פרסום פרויקט
התחבר עם פייסבוק
התחבר עם LinkedIn
ISO 13485 certification supports the manufacturers of a medical device in preparing a framework for the quality management systems and creating and maintaining the efficiency of the medical device development processes. The certification ensures consistency in the design, development, production, installation, and delivery of safe and efficient medical devices to the sellers or end-use industries.
ISO 13485 certification supports the manufacturers of a medical device in preparing a framework for the quality management systems and creating and maintaining the efficiency of the medical device development processes. The certification ensures consistency in the design, development, production, installation, and delivery of safe and efficient medical devices to the sellers or end-use industries. ISO 13485 certifications ensure that medical device quality is maintained. The production units are taken care of quality management system. This ISO 13485 Certification is given by an international organization and is accepted globally.
The ISO 13485 certification also provides a realistic foundation and planned structure to follow the directives, protocols, regulations, and responsibilities given by the medical device approval teams. The standard also helps manufacturers fulfill the commitments of the quality and safety of medical devices. ISO 13485 certification can be obtained by any medical device manufacturing unit, irrespective of its size and location.

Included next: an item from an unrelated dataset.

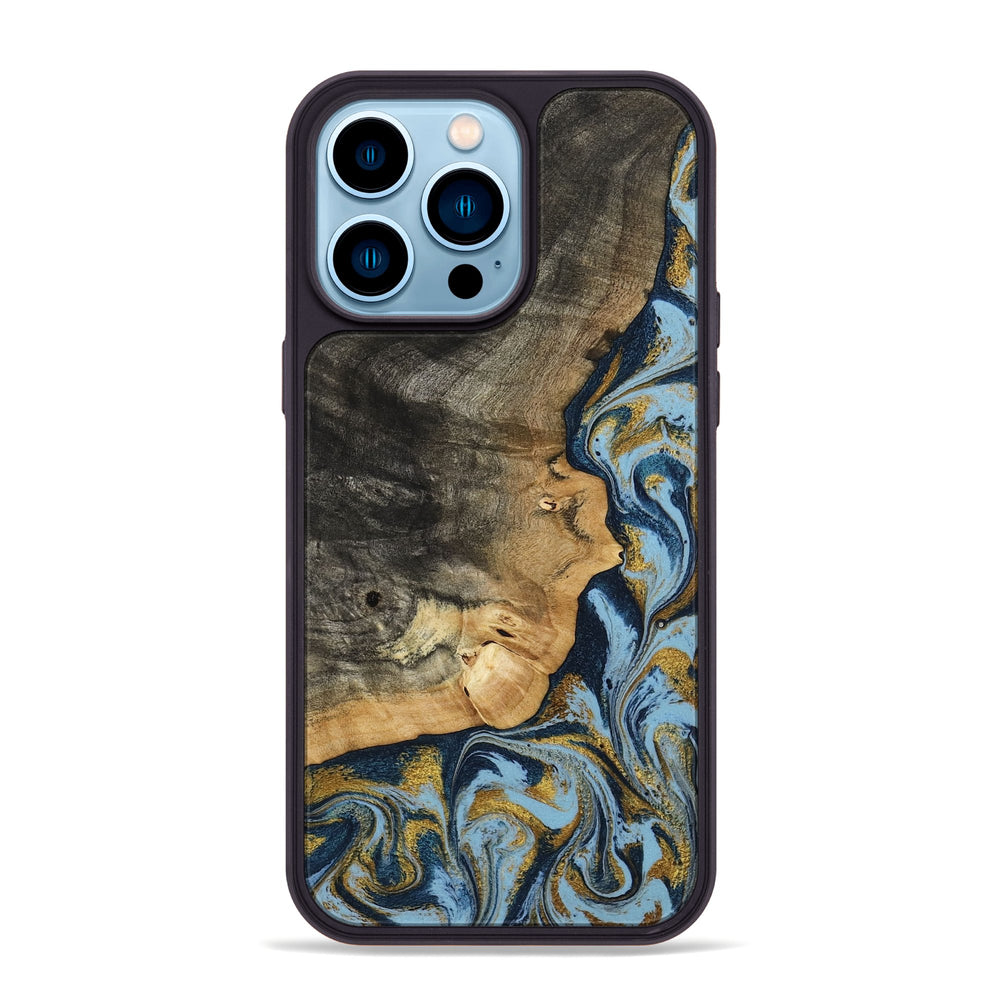 Denis is a striking piece of Buckeye wood with smooth, flowing patterns in blue and gold. It features rich, dark wood tones that create a beautiful contrast with the vibrant colors.

However, a third-party inspection of the quality management system is done before providing the certification to the organization.
Who Can Implement ISO 13485 Certification?
ISO 13485 certification is given to organizations dealing with medical devices, such as designers, distributors, and manufacturers of medical devices. Apart from this, the suppliers and service providers of medical devices can implement ISO 13485 certification and gain a competitive advantage by showing the credibility and recognition of the medical devices manufactured by the brand.
The ISO 13485 Certification Can Be Applied By The Following:
-
Manufacturers of medical devices or manufacturers of in vitro diagnostic products (IVD)
-
Manufacturers of substances or reagents to be used in IVD or MD
-
Medical device suppliers
What is the process of getting an ISO 13485 certification?
To get an ISO 13485 certification, the manufacturing organization of medical devices must follow the Plan, Do Check, Act (PDCA) framework. Once the manufacturers know the customers' requirements, they must find out the objective of the manufacturing device and the need for giving the best quality raw materials. After this, the manufacturers must prepare the policy and quality manual documents. Once everything is done, a Third-Party Inspection is conducted by the standards to ensure that the organization's quality management system is in place. It helps to ensure that the manufacturers can provide the best medical devices and comply with the quality standards given by the international organization.
Benefits of getting ISO 13485 certification in the medical sector
ISO certification increases the credibility of the medical sector as it proves that the manufacturers follow high-quality standards and have strict regulations to ensure the organization's quality management system. ISO certification provides management with data regarding the sale and other demographics of the organization continually. Having complete data and knowledge of the processes and procedures of the manufacturing of medical devices ensures that the best quality products are given to suppliers and end-users.
It also increases the involvement of employees in most of the processes of the medical sector, and their opinion can be considered when making any crucial decision. Last but not least, an ISO certification also helps in increasing the trust of the customer and also satisfies them with the best quality products and services.
Conclusion
Healthcare and medical devices sector is one of the most crucial sectors, and there is no chance of making any mistake in the manufacturing of medical devices. It is not necessary for every organization to have an ISO certification; however, its benefits make it well worth consideration. ISO 13485 certification also ensures the quality management system of medical device manufacturing units is done by a third-party inspection team so that it does not give biased results. So, a medical device manufacturing unit must look for ISO 13485 sector.